Parameter	Type	Required	Description
name	string	Required	Public voice name shown in the library.
description	string	Optional	Optional free-text description.
consent_hash	string	Required	SHA-256 of the consent paragraph. Fetch the current text via GET /v1/voices/consent-text and pass its hash field.
files	binary	Required	1–25 audio samples. Repeat the form field per file. Total ≤ 200 MB. 30 s – 3 min per clip works best.

curl https://api.airforce/v1/voices/clone \
  -H "Authorization: Bearer sk-air-YOUR_API_KEY" \
  -F "name=My voice" \
  -F "description=Calm, conversational" \
  -F "consent_hash=9f4b0c8d2e..." \
  -F "[email protected]" \
  -F "[email protected]"

{
  "voice_id": "voice_01HXY...",
  "name": "My voice",
  "status": "active",
  "created_at": "2026-05-06T22:30:00Z"
}

필드 이름에 주의하세요: 생성 응답은 새 음성을 voice_id로 반환하는 반면, GET /v1/voices/library는 클론을 provider_voice_id 아래에 나열합니다. 둘 다 동일한 식별자를 담고 있으며 — voice로 전달하는 값입니다.

3. List your library

GEThttps://api.airforce/v1/voices/library

curl https://api.airforce/v1/voices/library \
  -H "Authorization: Bearer sk-air-YOUR_API_KEY"
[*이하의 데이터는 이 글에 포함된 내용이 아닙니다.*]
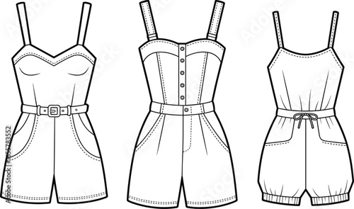 Women's romper cad drawing, flat fashion sketch, jumpsuit design template, vector outline illustration, sewing pattern, technical apparel sketch

Parameter	Type	Required	Description
voices[].provider_voice_id	string	Optional	Pass as "voice" on TTS / voice-changer endpoints.
voices[].status	string	Optional	"active" \| "errored" \| "deleting".
voices[].provider	string	Optional	Upstream that hosts the clone.
voices[].last_error	string	Optional	Set when status is "errored".

4. Update / delete

PATCHhttps://api.airforce/v1/voices/clone/:id

DELETEhttps://api.airforce/v1/voices/clone/:id

PATCH accepts name and description in a JSON body. DELETE removes the voice both locally and at the upstream provider.

메모

오디오 응답은 올바른 Content-Type과 함께 raw 바이트로 반환됩니다. PCM / µ-law 형식은 브라우저에서 그대로 재생할 수 있도록 최소한의 WAV header로 래핑됩니다.
Multipart endpoint(transcriptions, isolation, voice-changer, dubbing, cloning)는 요청당 최대 200 MB를 허용합니다.
음성 ID는 제공자 간에 동작합니다: 클론된 ElevenLabs 음성을 /v1/audio/voice-changer에 곧바로 전달할 수 있습니다.
비용은 문자당(TTS), 초당(music / SFX / dubbing / voice-changer) 또는 오디오 분당(transcription)으로 과금되며 잔액에서 차감됩니다. 오디오 endpoint는 X-Cost-Cents 응답 header를 보내지 않으니 — 대시보드 사용량 로그에서 지출을 추적하세요.